Leggo solo ora dopo aver spento sullo 0-2

Taci che sono usciti va.


----------



## Pamparulez2 (11 Aprile 2018)

Partita perfetta.
Spiace solo per il rigore netto. Fosse stata simulazione sarebbe stato meglio.. perchè alla fine loro i rigorini al 95' li rubano, questo era netto.


----------



## 1972 (11 Aprile 2018)

stanno godendo tutti quelli che non tifano per i gobbi. ci sara' pure un motivo valido dai.....


----------



## sette (11 Aprile 2018)

Rigore che c'era tanto quanto quello fischiato a De Sciglio in Juve Milan dell'anno scorso.


----------



## Hellscream (11 Aprile 2018)

Pamparulez2 ha scritto:


> Partita perfetta.
> Spiace solo per il rigore netto. Fosse stata simulazione sarebbe stato meglio.. perchè alla fine loro i rigorini al 95' li rubano, questo era netto.



Quando Higuain si tuffa fino a 4 giorni fa lì non c'è nulla


----------



## Interista Diventi Pazzo (11 Aprile 2018)

Juventus fuori al 97' su rigore.

Buffon da l'addio (?) alla champions con un espulsione.


----------



## MGP (11 Aprile 2018)

1972 ha scritto:


> non si puo' essere imparziali quando si parla di juve. caro gobbo vai a riascoltare le parole di buffon dopo il gol annullato a muntari....



io non parlo di buffon ... buffon e un idiota che non deve fare interviste.

io parlo dei tifossi che si batono nel peto che sono imparziali ... se sei un ultras stai un ultras e non c'e nessuna problema per me ... ma non puoi fare l'imparziale e l'ultras allo steso tempo ... io non capisco l'ipocrizia.

sei felice che la juve ha perso? ... tutto bene ... sieti felici che il real ha vinto ? ... non ci credo.


----------



## Ragnet_7 (11 Aprile 2018)

Imbarazzanti su mediaset veramente.


----------



## MaschioAlfa (11 Aprile 2018)

C'è lo schifoso di buffon su canale 5... Come soffre.... Ed io godo


----------



## Pit96 (11 Aprile 2018)

Buffone ahahahaha
Ritirati dai


----------



## 1972 (11 Aprile 2018)

l'intervista di buffon e' una vergogna!!!!!


----------



## Hellscream (11 Aprile 2018)

Ragnet_7 ha scritto:


> Imbarazzanti su mediaset veramente.



E' una cosa allucinante...


----------



## Anguus (11 Aprile 2018)

"Al posto del cuore hai un bidone dell'immondizia" disse quello che con la palla di Muntari dentro di un metro fece finta di niente consapevole di farlo. Ma fot*iti Buffone


----------



## MaschioAlfa (11 Aprile 2018)

È impazzito.... Coca cola... Patatine


----------



## sette (11 Aprile 2018)

AHAHAHA Buffone sta ancora sbroccando


----------



## markjordan (11 Aprile 2018)

avrei preferito un rigore inesistente


----------



## Ramza Beoulve (11 Aprile 2018)

Godo come un riccio!

Godo per la sconfitta dei ladri!
Godo per come sono usciti!
Godo perché l'ultima immagine di Buffone in Champion's sarà quella di uno che si fa espellere per insulti all'arbitro!
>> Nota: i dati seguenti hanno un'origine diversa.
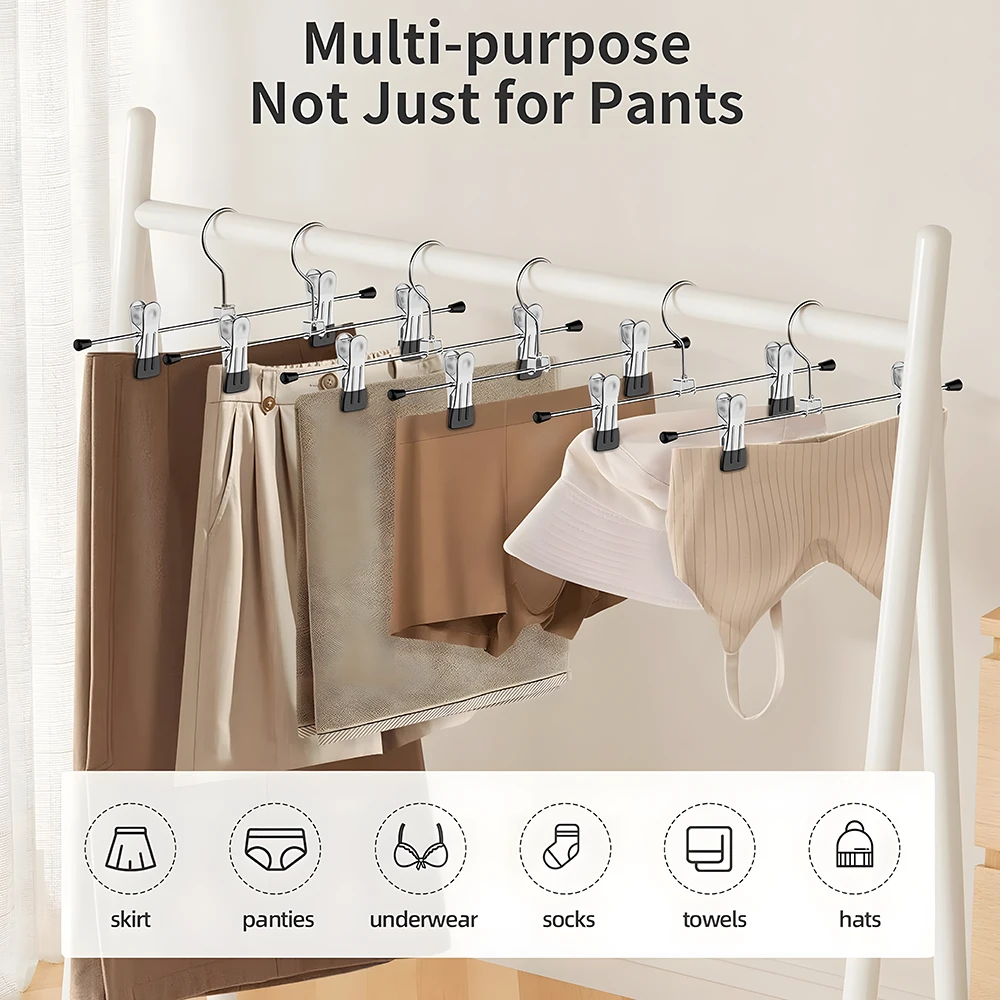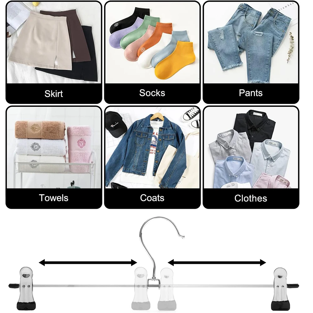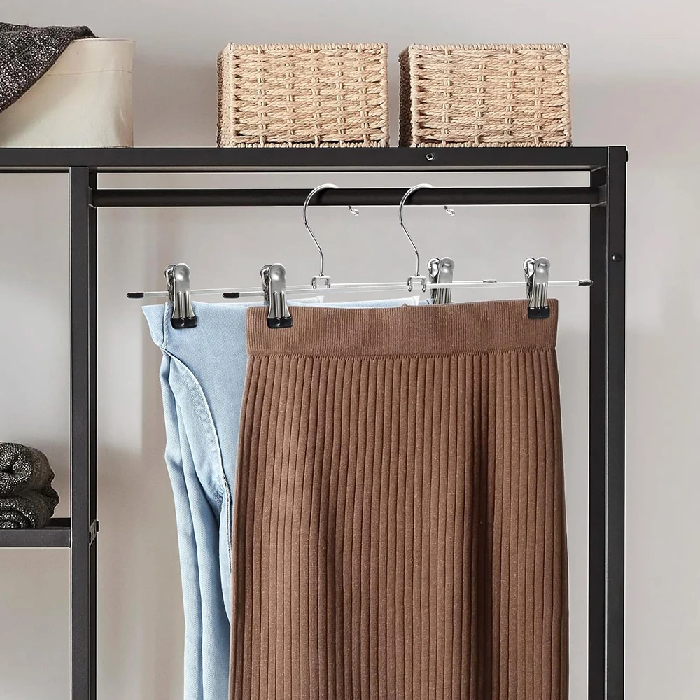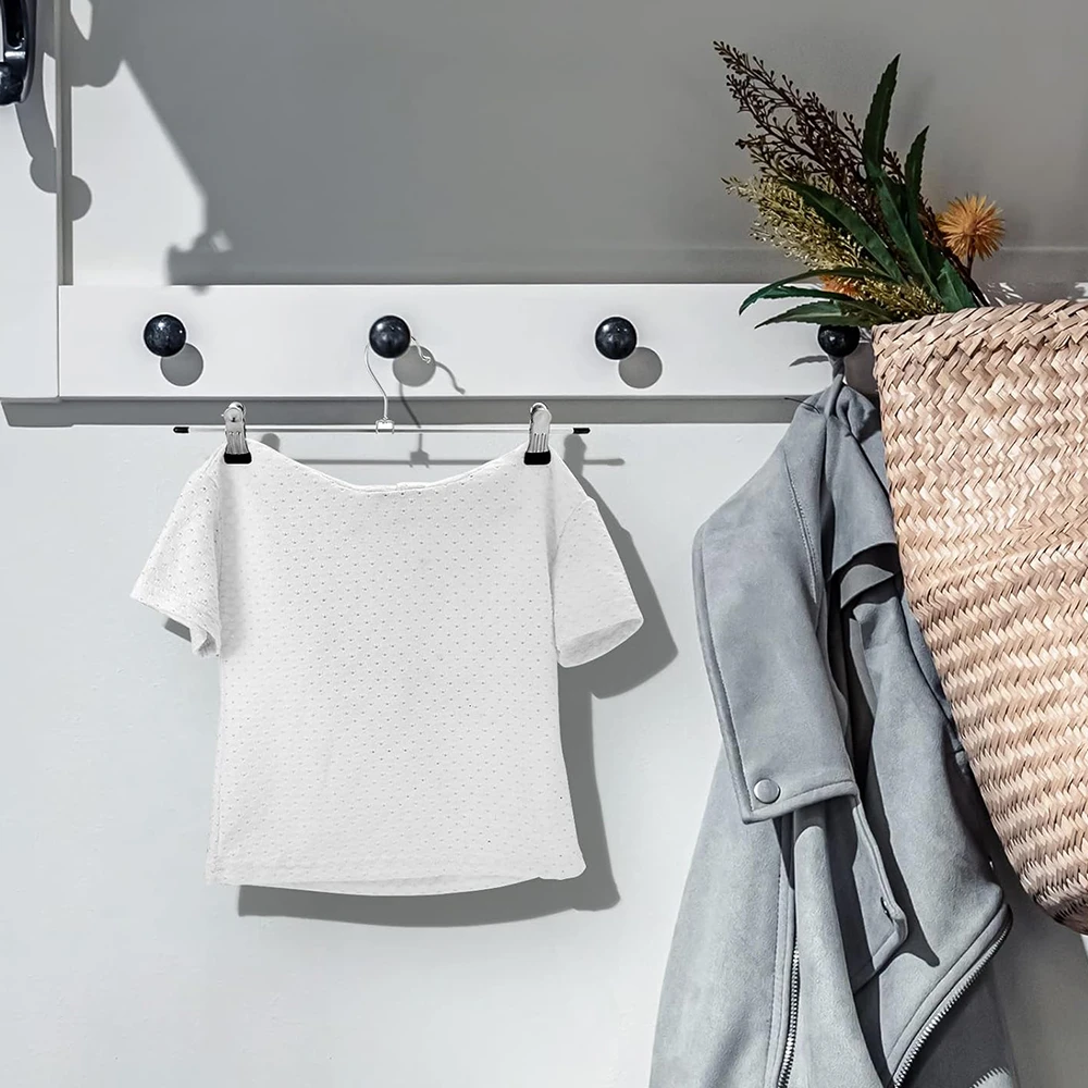 MULTIPURPOSE METAL CLIP HANGERS : Ideal for both adults and kids, these 30cm metal hangers with adjustable clips are perfect for trousers, skirts, shorts and more. Each hanger is crafted from rust-resistant metal, holding strong even under daily use. KEEPS YOUR CLOSET ORGANISED : Designed to save space while maximising storage, these slim, lightweight hangers make your wardrobe neat and clutter-free. Say goodbye to messy closets and wrinkled clothes! NO MARKS, NO SLIP : Each clip is fitted with a soft rubber end that firmly grips your garments without leaving creases or damage. Ideal for delicate fabrics and everyday wear alike. EASY TO USE & ADJUSTABLE : Simply slide the clips to your desired width - suitable for a variety of clothing sizes and styles. The hangers blend well with any closet organiser system. BUILT TO LAST : Crafted with premium-quality materials and a chrome finish, these hangers combine strength and style. They won't bend or break easily, making them a reliable storage solution for years to come. PERFECT BULK BUY OPTION : Available in value packs of 10 or 20 to fit your wardrobe needs. Whether you're refreshing your closet or organising retail stock, TopikaHome hangers offer quality and affordability. Your feedback drives our commitment to quality! Share your thoughts to help us continue delivering the best for you. What's in the box 10 x Clip Hanger For Skirts and Pants |

IO i caroselli delle melme juventine dopo Instambul me li ricordo bene, altro che "in Europa bisogna tifare le italiane"...

PS: Monociglio e soprattutto Buffone stanno rilasciando delle dichiarazioni che meritano pure il deferimento... Speriamo...


----------



## Interista Diventi Pazzo (11 Aprile 2018)

Buffon impazzito e a pezzi ahahahahahahahahahah


----------



## Cataldinho (11 Aprile 2018)

Roccoro ha scritto:


> Su Top Calcio stanno dicendo che non è rigore!



Boh, se non è rigore quello non so cosa lo possa essere. Ci stava pure il rosso a Benatia.



Ramza Beoulve ha scritto:


> Godo come un riccio!
> 
> Godo per la sconfitta dei ladri!
> Godo per come sono usciti!
> ...



Io tifo generalmente le italiane in europa, ma non la juventus, e proprio dalla finale di Istambul, proprio per quei caroselli che non vidi fare nemmeno agli interisti.


----------



## juventino (11 Aprile 2018)

mandraghe ha scritto:


> Sulla Roma e sul Bayern hai ragione, ma stasera mi pare che non sia successo nulla di scandaloso, inoltre sentire Agnelli che blatera di un'espulsione di Dybala esagerata mi convince del perché i gobbi dal '96 fanno figuracce in CL.
> 
> Il punto è che sentire la Juve lamentarsi degli arbitri è davvero indegno, basta vedere come ad es. dopo 20 anni continuano a difendere la ladrata di Iuliano, o come pervicacemente continuano a dire che il gol di Muntari fu ininfluente ai fini dello scudetto del 2012.



Stasera no, ma al ritorno col Tottenham ci fu negato un rigore nettissimo e gli Spurs per poco non segnarono il gol del pari in fuorigioco. In generale direi che affermare che le italiane non abbiano avuto fortuna con gli arbitri quest'anno non è esagerato.
Aldilà della Juve e tutto ciò che la riguarda.


----------



## Hellscream (11 Aprile 2018)

Niente ragazzi, sto rigore non si poteva fischiare. Eh scusate, mica si può "distruggere così un sogno di una sqaudra", ma state scherzando??


----------



## MissRossonera (11 Aprile 2018)

Come ho goduto, neanche nelle più rosee previsioni avrei potuto immaginare una beffa del genere!  Comunque il rigore magari non è solare,ma a Mediaset stanno parlando come se fosse totalmente inventato... Ridicoli! Addirittura Buffon parla di arbitro insensibile e senza personalità... 
Raga,come odio questo individuo!


----------



## MaschioAlfa (11 Aprile 2018)

L arbitro doveva avere la sensibilità.... Altrimenti doveva andare sugli spalti con le patatine... Questo è pazzo. È fuori di testa.... Che fine pietosa. 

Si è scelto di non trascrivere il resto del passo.